Mit der Neufassung der Fernsehrichtlinie aus dem Jahr 1989 sollen auch neue Werbeformen gefördert werden wie Reklame auf geteilten Bildschirmen, virtuelle und interaktive Werbung sowie Mini-Spots. Reklame für Tabak und verschreibungspflichtige Medikamente sollen verboten bleiben. Die Ausgestaltung der EU-Regeln will die Kommission den Mitgliedsstaaten überlassen. Für jeden Sender solle das Recht des Landes gelten, in dem er seinen Sitz hat. Schweden beispielsweise kann demnach weiterhin Werbung in Kindersendungen verbieten.

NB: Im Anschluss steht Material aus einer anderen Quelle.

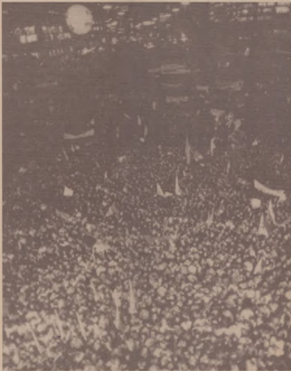
Manifestação no Vale do Anhangabaú, em São Paulo, no dia 25 de agosto de 1992

Criou para o Brasil, ao contrário do que se passa no cenário internacional, a possibilidade histórica de um caminho alternativo à ordem mais desigual, mais opressiva, radicalmente desumana, que significa o neoliberalismo na periferia do capitalismo.
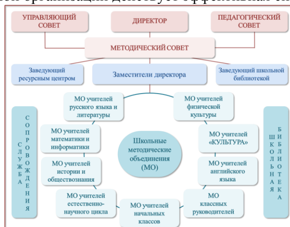
Система управления МБОУ «Федоровская СОШ №2 с углублённым изучением отдельных предметов»

В образовательной организации действует эффективная система управления
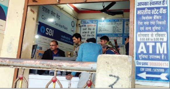
घटनास्थल पर जांच करते पुलिस पदाधिकारी
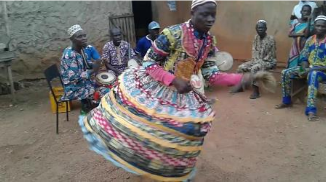
Àwòrán 14: Abòyèrì n pòyì rànḥìn láti jó bírípo nínú iṣeré orin kete

la ó maláre”, (i.n.p. Òní ni a ó mọ ẹni tí ó mọ ijó jó jù lọ). Níorí náà, a lè sọ pé àmì ìpèníjà fún iṣeré tó gbayi-gbèyẹ ni ijó yìí jẹ nínú iṣeré orin agbè. Ẹ jẹ kí á wo fótò 14 fún àpẹẹrẹ ijó bírípo nínú iṣeré orin kete
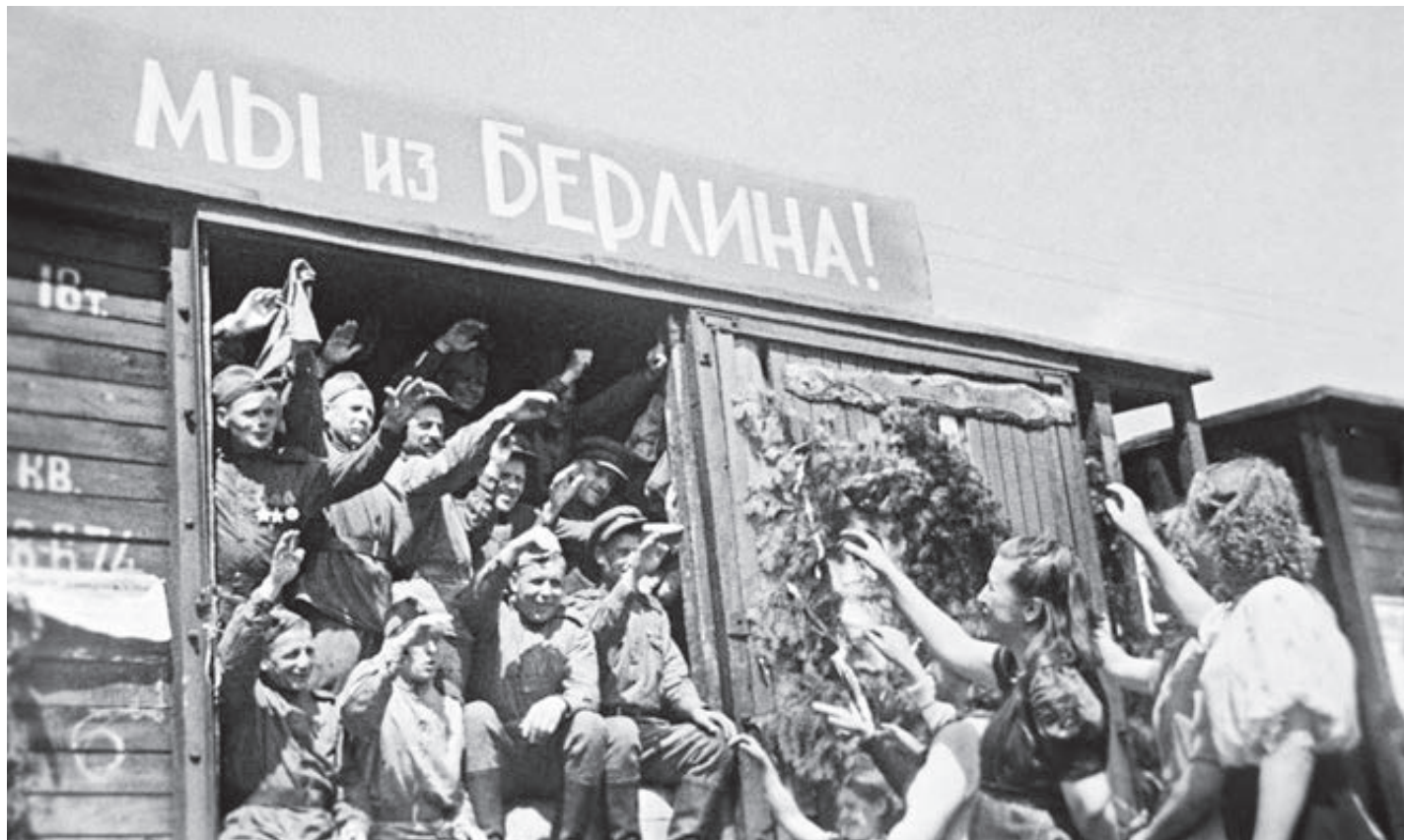
1945-й и 1941-й. Так они к нам шли и так мы от них ехали...

В качестве военных трофеев перед падением на СССР немцам достались и активно использовались различные виды вооружений. Из 28 танковых дивизий, подготовленных для первого удара по СССР, восемь были вооружены трофейными ан-

Die von der EU-Kommission geplante Lockerung des Schleichwerbeverbots stößt in Deutschland weitgehend auf Skepsis. Während der Privatsenderverband VPRT es begrüßt, dass künftig Produktplazierungen gegen Bezahlung in Unterhaltungssendungen erlaubt sein sollen, äußerten Politiker, die Medienaufsicht und der Bundesverband Deutscher Zeitungsverleger (BDZV) Bedenken.
»Wer die klare Trennung von Werbung und Programm aufhebt, führt die Mediennutzer in die Irre«, heißt es vom BDZV. Überdies sei die Glaubwürdigkeit der Medien aufs Spiel gesetzt.